* [Material provided]:

· · · ·

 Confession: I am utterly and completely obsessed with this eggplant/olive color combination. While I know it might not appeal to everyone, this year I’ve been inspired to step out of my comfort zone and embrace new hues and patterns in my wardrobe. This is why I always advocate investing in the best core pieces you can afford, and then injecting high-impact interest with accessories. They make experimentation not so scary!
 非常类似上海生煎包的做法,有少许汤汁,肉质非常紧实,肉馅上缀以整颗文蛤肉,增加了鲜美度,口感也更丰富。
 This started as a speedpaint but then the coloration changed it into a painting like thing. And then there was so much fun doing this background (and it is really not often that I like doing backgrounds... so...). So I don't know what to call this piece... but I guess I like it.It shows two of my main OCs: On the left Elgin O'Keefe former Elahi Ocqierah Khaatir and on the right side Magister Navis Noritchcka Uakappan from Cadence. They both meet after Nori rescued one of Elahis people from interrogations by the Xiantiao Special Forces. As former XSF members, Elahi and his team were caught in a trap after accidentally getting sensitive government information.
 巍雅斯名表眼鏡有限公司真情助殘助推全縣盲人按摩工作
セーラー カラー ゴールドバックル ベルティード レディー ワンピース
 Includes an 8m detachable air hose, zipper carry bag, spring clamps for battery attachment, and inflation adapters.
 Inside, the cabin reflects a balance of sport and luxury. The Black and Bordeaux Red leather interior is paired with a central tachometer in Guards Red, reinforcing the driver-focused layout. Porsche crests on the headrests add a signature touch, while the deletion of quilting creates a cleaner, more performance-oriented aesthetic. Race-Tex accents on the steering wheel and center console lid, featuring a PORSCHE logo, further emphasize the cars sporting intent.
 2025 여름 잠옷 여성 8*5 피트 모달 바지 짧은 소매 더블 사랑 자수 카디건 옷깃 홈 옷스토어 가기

· · · ·

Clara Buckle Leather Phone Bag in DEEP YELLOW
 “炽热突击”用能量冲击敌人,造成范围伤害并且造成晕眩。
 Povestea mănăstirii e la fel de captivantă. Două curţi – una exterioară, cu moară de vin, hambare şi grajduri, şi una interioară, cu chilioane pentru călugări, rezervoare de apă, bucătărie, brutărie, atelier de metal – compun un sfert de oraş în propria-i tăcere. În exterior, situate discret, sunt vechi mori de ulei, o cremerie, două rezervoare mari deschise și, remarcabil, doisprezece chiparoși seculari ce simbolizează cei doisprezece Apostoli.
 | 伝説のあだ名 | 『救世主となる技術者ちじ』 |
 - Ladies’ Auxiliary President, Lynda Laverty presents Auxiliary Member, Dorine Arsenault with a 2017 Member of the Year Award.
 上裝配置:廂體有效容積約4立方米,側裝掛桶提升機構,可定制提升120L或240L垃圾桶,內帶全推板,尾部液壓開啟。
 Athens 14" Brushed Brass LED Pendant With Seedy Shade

· · · ·

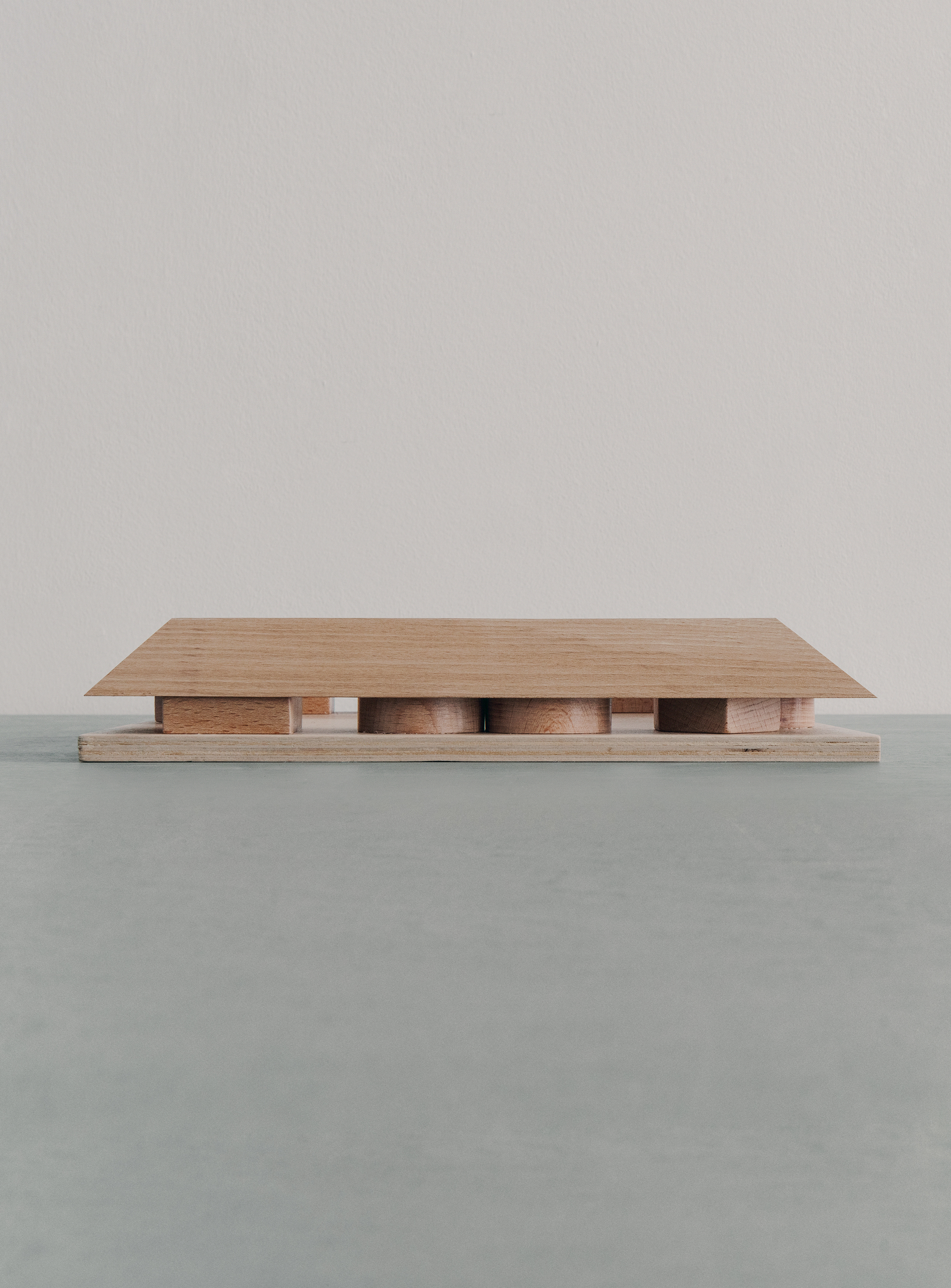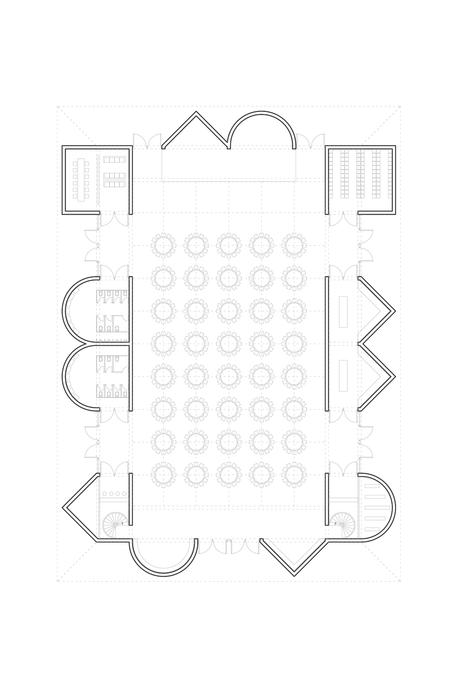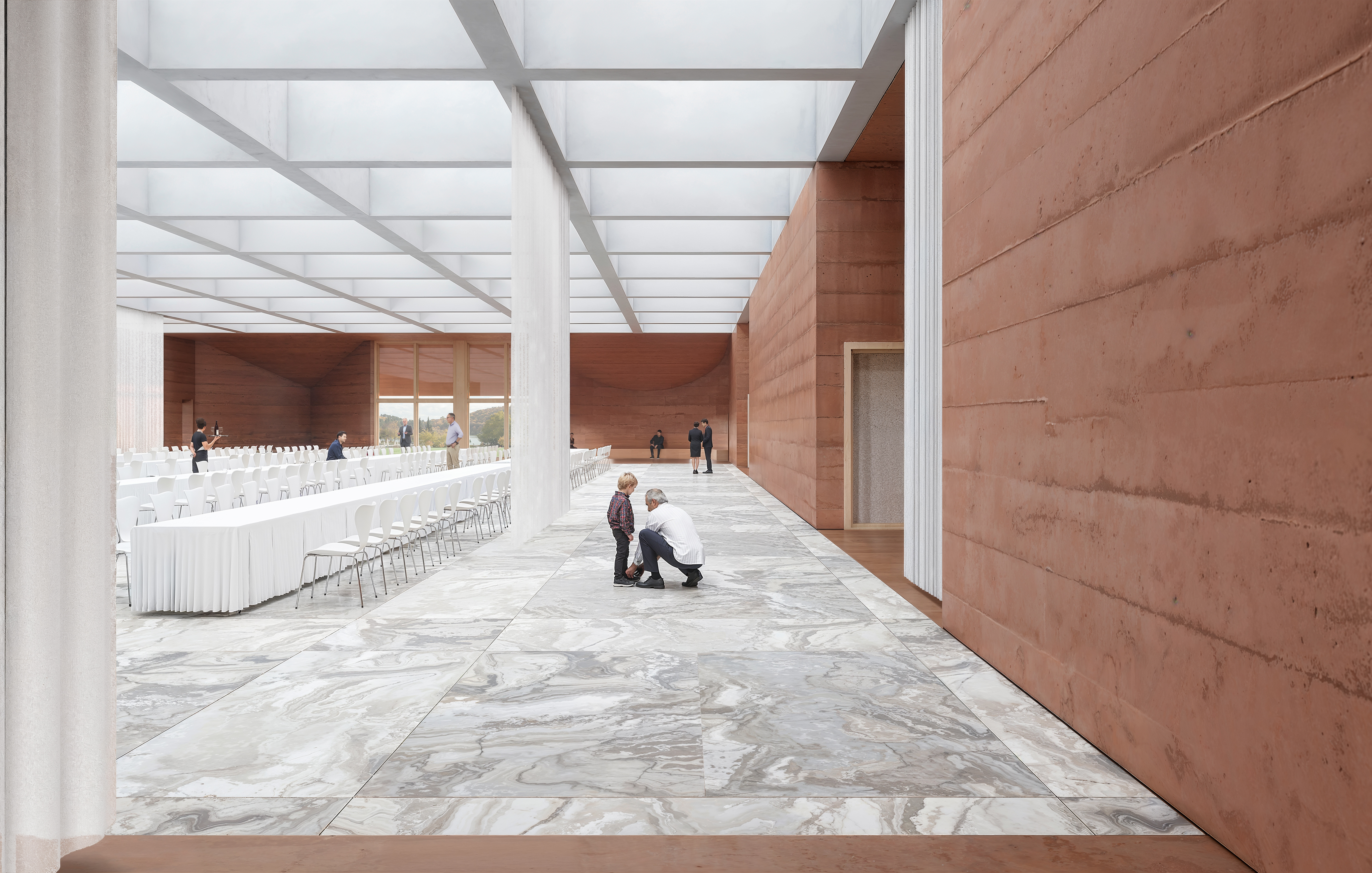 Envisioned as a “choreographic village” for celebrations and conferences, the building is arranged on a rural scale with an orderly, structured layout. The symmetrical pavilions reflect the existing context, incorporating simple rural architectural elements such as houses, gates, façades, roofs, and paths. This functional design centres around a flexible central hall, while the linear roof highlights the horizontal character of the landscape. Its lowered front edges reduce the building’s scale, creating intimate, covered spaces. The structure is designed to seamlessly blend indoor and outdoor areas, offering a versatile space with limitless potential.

· · · ·

* [Instructions to follow]:
Copy out only the lines above from the one with "Confession: I am" to the one with "非常类似上海生煎包的做法,有", inclusive, exactly as they stand.

* [Solution to the exercise]:
 Confession: I am utterly and completely obsessed with this eggplant/olive color combination. While I know it might not appeal to everyone, this year I’ve been inspired to step out of my comfort zone and embrace new hues and patterns in my wardrobe. This is why I always advocate investing in the best core pieces you can afford, and then injecting high-impact interest with accessories. They make experimentation not so scary!
 非常类似上海生煎包的做法,有少许汤汁,肉质非常紧实,肉馅上缀以整颗文蛤肉,增加了鲜美度,口感也更丰富。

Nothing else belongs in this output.